In 1987–1990 Yevtyukhova studied in Anadyr Pedagogical College of Indigenous People of the North. She graduated with a degree of "primary school teacher". In 2013 Yevtyukhova graduated Moscow State University of Economics, Statistics, and Informatics with a speciality in law.

For 25 years Yelena Yevtykhova worked in Chaunsky District. She started working as a teacher but later continued her career in public sector as main advisor at the regional Department of Indigenous People Affairs. Then she became Deputy Head of Administration of Chaunsky District.

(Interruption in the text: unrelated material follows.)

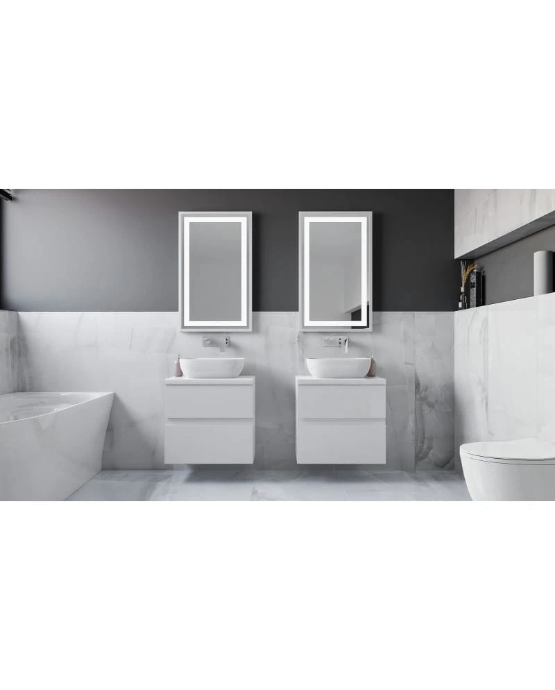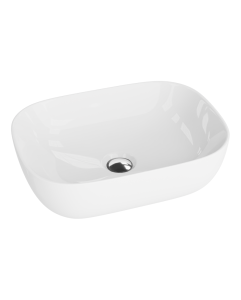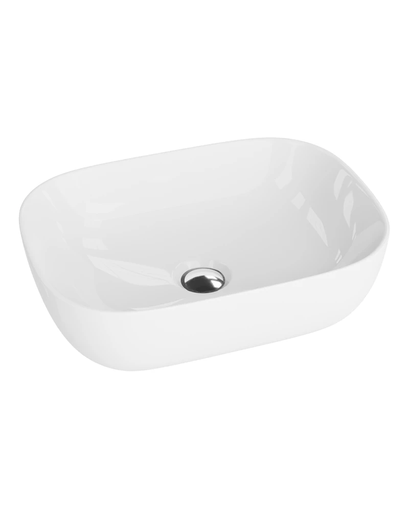 Umywalka nablatowa COSTA ma prostokątną formę z zaokrąglonymi brzegami i białe wykończenie.

In 2015 Governor Roman Kopin appointed Yelena Yevtyukhova as Head of the Department of Indigenous People Affairs and Deputy Head of Governor's Office. That year Yevtyukhova was also elected as chairwoman of the regional council of United Russia supporters.

For the 2021 State Duma election incumbent deputy for the Chukotka constituency Valentina Rudchenko declined to seek re-election, and Yevtyukhova ran to replace the retiring deputy. Yevtyukhova won the United Russia primary in the constituency with 28.43% of the vote. She also won a primary for Duma of Chukotka Autonomous Okrug, finishing ahead of Rudchenko in a party list contest. In the general election Yelena Yevtyukhova placed first in the constituency with 36.95% of the vote. She also was elected to the Duma of Chukotka AO but chose to work in the State Duma instead.

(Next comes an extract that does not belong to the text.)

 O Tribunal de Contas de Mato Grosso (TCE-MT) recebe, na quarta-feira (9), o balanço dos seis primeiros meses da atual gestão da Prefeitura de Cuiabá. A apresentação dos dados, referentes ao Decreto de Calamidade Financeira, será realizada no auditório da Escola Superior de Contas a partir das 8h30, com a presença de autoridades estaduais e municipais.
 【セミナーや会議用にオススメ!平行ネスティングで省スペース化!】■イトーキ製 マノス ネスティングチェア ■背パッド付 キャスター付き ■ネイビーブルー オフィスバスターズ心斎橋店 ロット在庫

In the State Duma Yevtyukhova joined United Russia faction and was appointed to the Committee on Russian Far East and Arctic Development. In December 2021 Yevtyukhova changed her committee assignments and joined Duma Committee on Nationalities. She also currently serves on Liaison Deputies' Groups to the Balkan states, to Finland, and to Norway.

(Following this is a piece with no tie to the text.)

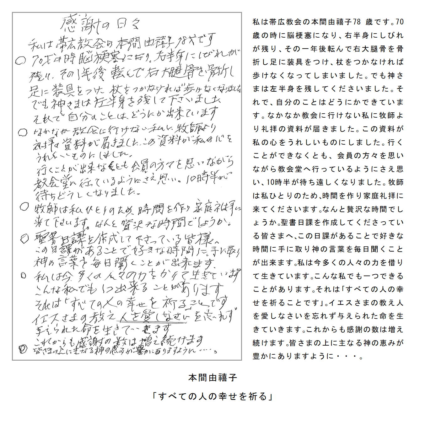 ・用紙はハガキサイズであれば縦横自由。教会で配布される用紙を用いてもよい。

On 15 February 2022 Yevtyukhova was one of 351 State Duma members, who approved a letter to President Vladimir Putin, asking him to recognise the independence of Donetsk and Lugansk people's republics, both breakaway states were recognised by the Russian Federation on 21 February. Two days later the European Union placed sanctions on all 351 State Duma members who voted to approve a letter to Putin, including Yelena Yevtyukhova. On 24 March Yevtyukhova was designated by the OFAC as one of the key enablers of the Russian invasion and was put under US sanctions along with 328 fellow State Duma members.

In April 2026 Yelena Yevtyukhova announced she would not seek a second term in the State Duma and intend to return working in Chukotka. Yevtyukhova then endorsed former Deputy Governor of Nenets Autonomous Okrug Aleksandr Dudorov as her successor in the federal parliament.